The Videosphere is a JVC CRT television that was shaped in the form of a space helmet. It was first introduced in 1970 and was sold up until the early 1980s. It was popular for its modern design; the alarm clock base was an option, most units have a plain base.

Videospheres were produced in large quantities in white, red, black, orange and grey.
Videospheres may come in a variety of different colors, but their screen remains in a simple black and white, with dials to adjust volume, brightness, and contrast. To operate the television, there is a main dial at the top of the sphere for channel selection. Color televisions were being produced at this time, but they were costly. Therefore, the Videosphere screen most likely did not come in color because making a television that small would have been too expensive. The television screen is a rectangular shape, despite being encased in a circular shell. The Videosphere also has a chain handle on its top, allowing it to come off its stand and be hung from a wall or ceiling to be seen from anywhere in a room. One reason the television was so innovative was that it was designed to be portable. All Videospheres came with a battery pack that is rechargeable and allows it to be played outside of a traditional home setting. Videospheres could also be powered from a vehicle's cigarette lighter.
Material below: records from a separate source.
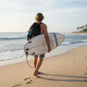 This swimming backpack keeps my gear dry thanks to the strong bottom. I throw it on wet sand and everything inside stays dry.
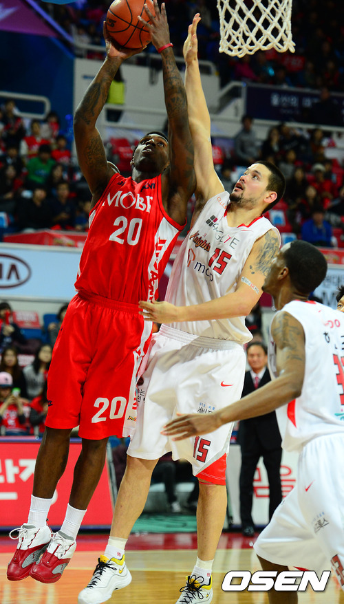 3쿼터 모비스 라틀리프가 SK 김민수의 블로킹을 피해 득점에 성공하고 있다.
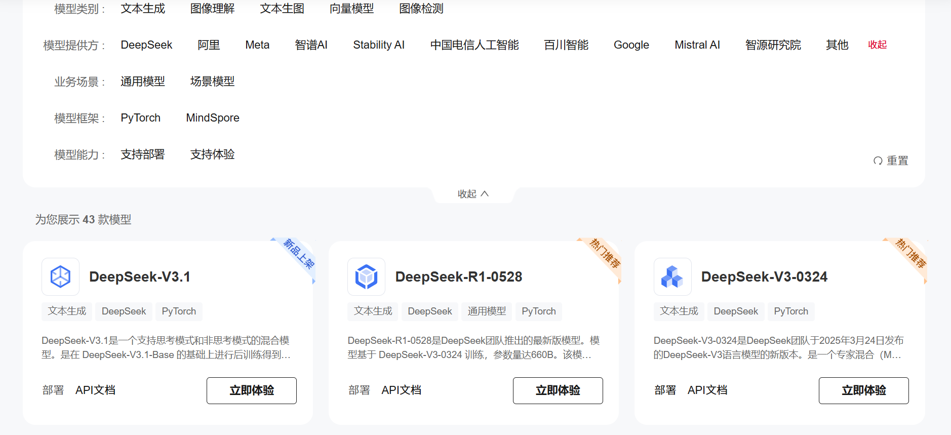 1.进入【模型市场】,可通过模型类别、模型提供方、模型框架等查询条件筛选模型。
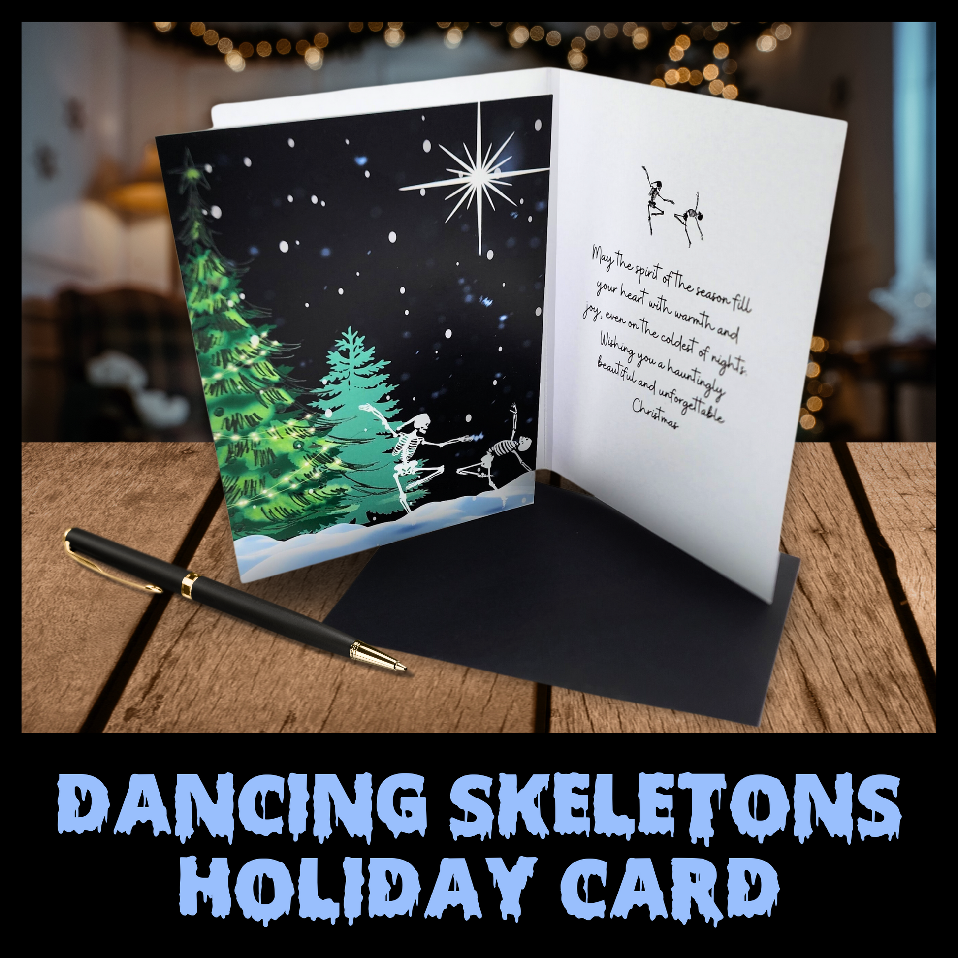 This holiday card from Sinister Studios AZ features a snowy, nighttime forest scene with skeletons dancing joyfully under a starry sky. Snowflakes drift down gently, and pine trees are decorated with glowing lights, adding a festive yet spooky touch. Perfect for anyone who loves a blend of holiday cheer and gothic charm, this card brings a unique twist to seasonal greetings. Each card includes a black envelope and matching sticker, making it ideal for sharing a hauntingly merry Christmas spirit.
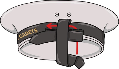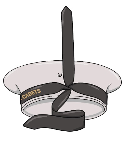 - Sailor’s Cap. (see Figures 2-2-6 through 2-2-8) Worn so that the rim of the cap is 2.5 cm (1 in) above the eyebrow. The front seam is centred directly over the nose. The chin stay shall be sewn inside the cap at the correct length to permit the stay to fit under the chin. It may be worn with Royal Canadian Sea Cadet or corps cap tally. If Royal Canadian Sea Cadet, the centre of the lettering on the cap tally (between the “I” and “A” of the word “CANADIAN”) should be in line with the front cap seam. For the corps name, fold in half from the “R” (RCSC) to the last letter of the corps name, and centre to line up with the front cap seam. It is tied in a neat bow, not more than 7.5 cm (about 3 in) and not less than 5 cm (about 2 in) across, the ends being of equal length. The bow is to be centred on the left ear vents. The chin stay shall be worn down by cadets wearing webbing if parading as a member of a band, guard or colour party;

The design of the Videosphere is said to have been inspired by the film 2001: A Space Odyssey, though its shape in itself remains as one of the most iconic examples of the early 1970s design ethos. The Videosphere was also said to be influenced by the Moon landing in 1969. After this took place, American culture shifted greatly to all things space themed. The sci-fi look of the TV saw a red model appear as a background prop in the 1999 film The Matrix, though they have appeared in sci-fi films since the early 70s. Soylent Green had a red model on screen as a prop. In the 1972 film Conquest of the Planet of the Apes, a black Videosphere was shown with a color-capable tube and a slot that allowed a cassette tape capable of playing video. Humorously, the color image on the Videosphere goes from being rectangular in one scene to round in another scene.

== Later history ==
Today, Videospheres can still be purchased, although they stopped being manufactured in the early 1980s. They are tricky to find, and sell for a price of about US$1000. While finding one may be a challenge, getting it up and running is also not an easy task, as parts to fix and replace on it are scarce. With spare parts becoming an issue for restorers of Videospheres, it is not uncommon to see spare parts sold on online auctions. Replacement visor screens are particularly sought after. If one is found in operating condition, Videospheres can still be used. While operating a Videosphere is still possible because interfaces such as HDMI were not invented when they were at the height of their usage, a converter box that gives the desired inputs would also need to be purchased.

Video artist Nam June Paik used a white videosphere for his installation TV Buddha in 1974.